Ich bleibe trotz Gegenwind bei meiner Behauptung, daß Kurzsichtigkeit (meist gepaart mit Astigmatismus) ab 5 Dioptrien eine schwere Behinderung ist.Anscheinend ist hier einigen Leuten nicht klar,daß in diesem Bereich die Gefahr von Netzhautlöchern,bzw. NH-Ablösung, sowie verstärkte Neigung zu grünem und grauem Star erheblich anwächst.Nicht zu vergessen die durch die Dehnung des Glaskörpers verursachten Trübungen (Mouches volant )und Glaskörperabhebungen, die ebenfalls zu NH-Schäden führen können.Weiterhin neigen Fehlsichtige zur Entwicklung eines trockenen Auges( bedingt durch Kontaktlinsen ,aber auch durch Starren ohne Lidbewegung und Befeuchtung).Das nur am Rande, denn ich will durch meinen Beitrag hier darauf aufmerksam machen,daß der Prävention von Kurzsichtigkeit keinerlei Beachtung geschenkt wird.Die Augenmedizin hat für mich auf diesem Gebiet vollkommen versagt. Ein erbärmliches Ergebnis einer Wissenschaft, die lieber die Hornhaut zuerst aufschneidet und dann abdampft (Laser), als die eigentliche Ursache dieser Augenerkrankung ernsthaft zu erforschen.Ich meine, daß Dr. William Bates in seinem Werk " Better eyesight without glasses" die Grundlage für eine wirksame Bekämpfung dieser Augenseuche gelegt hat ! Ich halte dies für den einzigen Ansatzpunkt, von selbst etwas gegen Sehverschlechterung zu bewirken.Aber das interessiert natürlich keinen Augenarzt !

Ich wollte hier niemanden diskriminieren oder zu Nahe treten, aber ich meine : Dies mußte einmal gesagt werden !!!

CRhamSon[ix


Dann solltest du allerdings wissen, dass Kurzsichtigkeit aufgrund eines zu langen Augapfels entsteht und damit die Prävention schwierig sein dürfte.

AYntigxone


Und wodurch wird der Augapfel länger?

E1hemaUliger.
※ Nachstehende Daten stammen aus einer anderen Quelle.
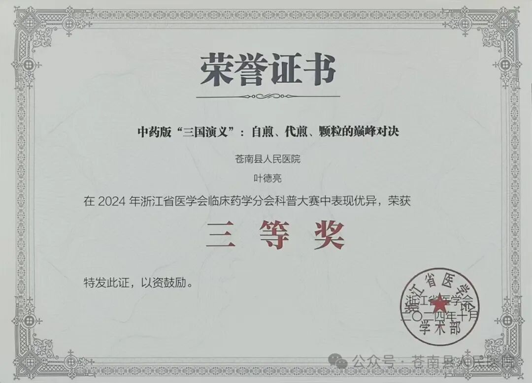 随着健康中国战略的深入推进,公众对于医药健康的认知需求日益增长。在这样一个信息高度发达的社会中,准确且易于理解的科普知识显得尤为重要。为响应国家关于“健康中国”的号召,以及《全民科学素质行动规划纲要(2021-2035年)》的要求,浙江省医学会临床药学分会和温州市药学会临床药学专业委员会分别举办了“2024年浙江省医学会临床药学分会科普大赛”与“第三届‘健康浙江’——合理用药科普短视频大赛温州晋级赛”,我院药学人员积极参与并荣获佳绩。 市赛“一等奖” 10月15日,在“第三届‘健康浙江’——合理用药科普短视频大赛温州晋级赛”中,我院药剂科推送的科普短视频《住院不输液,静脉也想放假》荣获一等奖。各评委对主题高度认可,并对多方言版本大加赞赏。 我国输液现状相当于每人每年使用了8瓶液体,远远高于国际上2.5~3.3瓶的水平。公众对输液存在一定的误区,为此,我院药师通过趣味动画的形式讲述静脉输液的相关科普知识,并将其翻译成具有苍南地域特色的不同方言版本,以便不识字的老人孩子也能获取正确的信息。 省赛再创佳绩 10月18日,“2024年浙江省医学会临床药学分会科普大赛”在杭州火热举行。大赛组委会组织的全省资深药学专家材料审核、初评环节,我院药剂科共有3篇科普文章突破重围闯进入现场决赛圈,在现场答辩环节表现优异并获得多项佳绩。 用药找药师 药学科普是药师的职责与使命之一,将复杂的医药知识以通俗易懂的方式传达给公众,减少患者用药错误的发生。苍医药师将继续致力于开展更多高质量的科普活动,不断创新形式,丰富内容,使医药知识更加贴近百姓生活,为建设健康浙江、健康中国贡献更多的力量。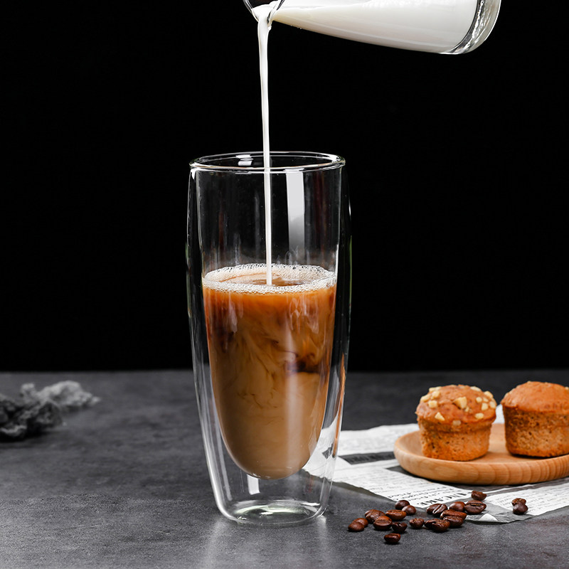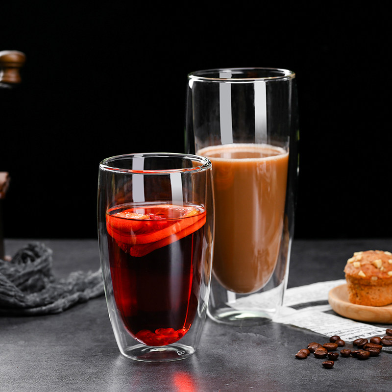 双层玻璃杯不烫手咖啡杯耐热耐高温家用杯子透明玻璃花茶杯泡茶杯

Nutze+r (#5=43915x)


Vielleicht hat der te an den Augen ja noch was, was er als einschränkend empfindet.

M0eronYymy


Bei allem Verständnis dafür, dass du deine eigene Situation (wenn ich das richtig verstehe) als einschränkend siehst, so solltest du doch in der Lage sein, den Unterschied zwischen subjektiver Einschränkung (sie ist subjektiv, weil das eben nicht alle in derselben Lage, so empfinden), die natürlich vollkommen legitim ist, und objektiver (keine restitutio ad integrum mit geringem Aufwand, und gesellschaftlich anerkannte Einschränkung in den Aktivitäten des täglichen Lebens) Behinderung zu sehen.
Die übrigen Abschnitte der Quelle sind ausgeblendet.